Work instructions ::
What is needed here is an exact printout of the data, with no pictures included.

Stored entries
+ + +
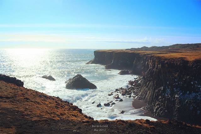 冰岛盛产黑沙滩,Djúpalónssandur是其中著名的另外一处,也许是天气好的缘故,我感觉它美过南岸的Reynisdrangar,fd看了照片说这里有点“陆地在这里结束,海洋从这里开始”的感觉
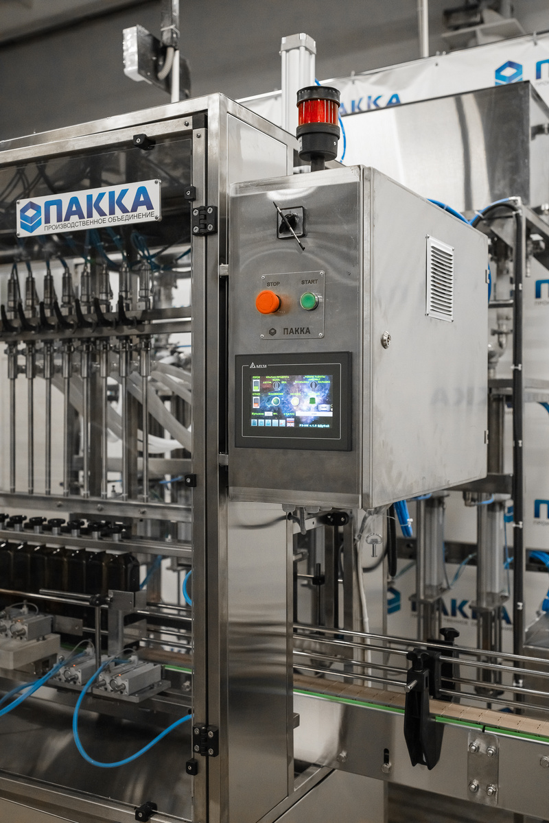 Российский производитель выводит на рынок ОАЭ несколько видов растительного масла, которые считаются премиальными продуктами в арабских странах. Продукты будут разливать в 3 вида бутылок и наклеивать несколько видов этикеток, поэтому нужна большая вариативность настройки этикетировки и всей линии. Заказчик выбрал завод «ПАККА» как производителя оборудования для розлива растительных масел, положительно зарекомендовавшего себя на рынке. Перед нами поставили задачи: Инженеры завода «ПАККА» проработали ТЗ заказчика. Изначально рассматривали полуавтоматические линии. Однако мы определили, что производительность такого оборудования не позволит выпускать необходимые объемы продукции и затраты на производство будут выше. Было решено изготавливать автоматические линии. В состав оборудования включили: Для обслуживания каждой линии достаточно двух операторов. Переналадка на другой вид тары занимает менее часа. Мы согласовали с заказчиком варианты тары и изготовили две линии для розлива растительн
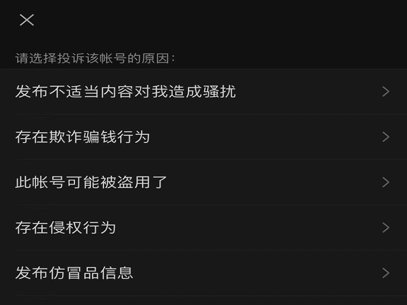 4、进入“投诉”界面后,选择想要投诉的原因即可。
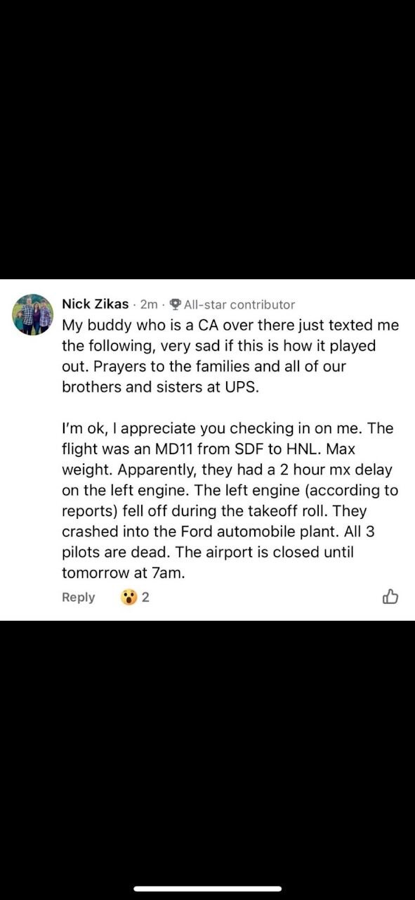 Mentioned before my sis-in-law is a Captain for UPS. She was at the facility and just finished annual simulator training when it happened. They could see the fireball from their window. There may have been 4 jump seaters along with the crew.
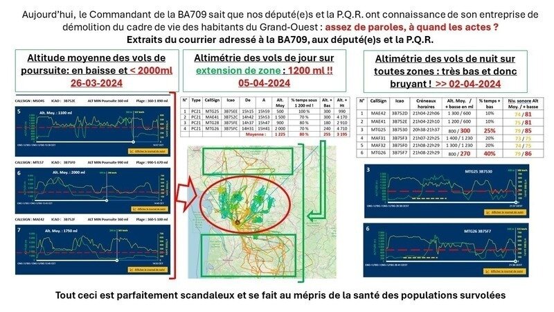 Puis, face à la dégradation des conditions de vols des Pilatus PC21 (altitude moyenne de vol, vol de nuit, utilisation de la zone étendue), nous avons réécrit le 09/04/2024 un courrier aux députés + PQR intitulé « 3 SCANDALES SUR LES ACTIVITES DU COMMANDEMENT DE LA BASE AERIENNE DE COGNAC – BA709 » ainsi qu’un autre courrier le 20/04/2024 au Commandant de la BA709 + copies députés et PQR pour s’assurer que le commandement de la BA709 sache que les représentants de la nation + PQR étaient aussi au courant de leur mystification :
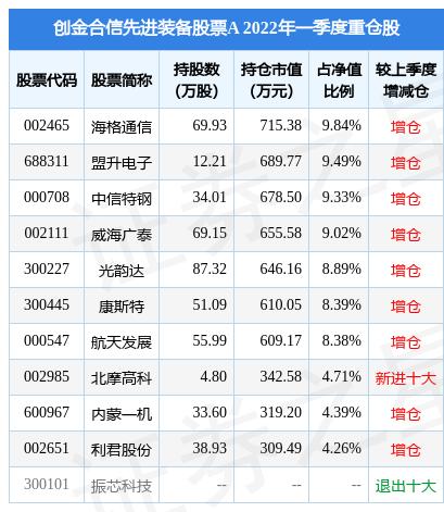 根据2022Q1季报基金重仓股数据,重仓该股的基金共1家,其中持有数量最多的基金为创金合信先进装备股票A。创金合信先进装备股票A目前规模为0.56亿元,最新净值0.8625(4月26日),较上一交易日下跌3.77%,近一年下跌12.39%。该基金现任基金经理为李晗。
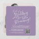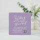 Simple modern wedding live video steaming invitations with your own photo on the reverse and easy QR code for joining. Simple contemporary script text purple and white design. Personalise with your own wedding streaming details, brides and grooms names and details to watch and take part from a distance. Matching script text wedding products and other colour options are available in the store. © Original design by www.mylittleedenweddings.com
+ + +
Task output ::
 冰岛盛产黑沙滩,Djúpalónssandur是其中著名的另外一处,也许是天气好的缘故,我感觉它美过南岸的Reynisdrangar,fd看了照片说这里有点“陆地在这里结束,海洋从这里开始”的感觉
 Российский производитель выводит на рынок ОАЭ несколько видов растительного масла, которые считаются премиальными продуктами в арабских странах. Продукты будут разливать в 3 вида бутылок и наклеивать несколько видов этикеток, поэтому нужна большая вариативность настройки этикетировки и всей линии. Заказчик выбрал завод «ПАККА» как производителя оборудования для розлива растительных масел, положительно зарекомендовавшего себя на рынке. Перед нами поставили задачи: Инженеры завода «ПАККА» проработали ТЗ заказчика. Изначально рассматривали полуавтоматические линии. Однако мы определили, что производительность такого оборудования не позволит выпускать необходимые объемы продукции и затраты на производство будут выше. Было решено изготавливать автоматические линии. В состав оборудования включили: Для обслуживания каждой линии достаточно двух операторов. Переналадка на другой вид тары занимает менее часа. Мы согласовали с заказчиком варианты тары и изготовили две линии для розлива растительн
 4、进入“投诉”界面后,选择想要投诉的原因即可。
 Mentioned before my sis-in-law is a Captain for UPS. She was at the facility and just finished annual simulator training when it happened. They could see the fireball from their window. There may have been 4 jump seaters along with the crew.
 Puis, face à la dégradation des conditions de vols des Pilatus PC21 (altitude moyenne de vol, vol de nuit, utilisation de la zone étendue), nous avons réécrit le 09/04/2024 un courrier aux députés + PQR intitulé « 3 SCANDALES SUR LES ACTIVITES DU COMMANDEMENT DE LA BASE AERIENNE DE COGNAC – BA709 » ainsi qu’un autre courrier le 20/04/2024 au Commandant de la BA709 + copies députés et PQR pour s’assurer que le commandement de la BA709 sache que les représentants de la nation + PQR étaient aussi au courant de leur mystification :
 根据2022Q1季报基金重仓股数据,重仓该股的基金共1家,其中持有数量最多的基金为创金合信先进装备股票A。创金合信先进装备股票A目前规模为0.56亿元,最新净值0.8625(4月26日),较上一交易日下跌3.77%,近一年下跌12.39%。该基金现任基金经理为李晗。
 Simple modern wedding live video steaming invitations with your own photo on the reverse and easy QR code for joining. Simple contemporary script text purple and white design. Personalise with your own wedding streaming details, brides and grooms names and details to watch and take part from a distance. Matching script text wedding products and other colour options are available in the store. © Original design by www.mylittleedenweddings.com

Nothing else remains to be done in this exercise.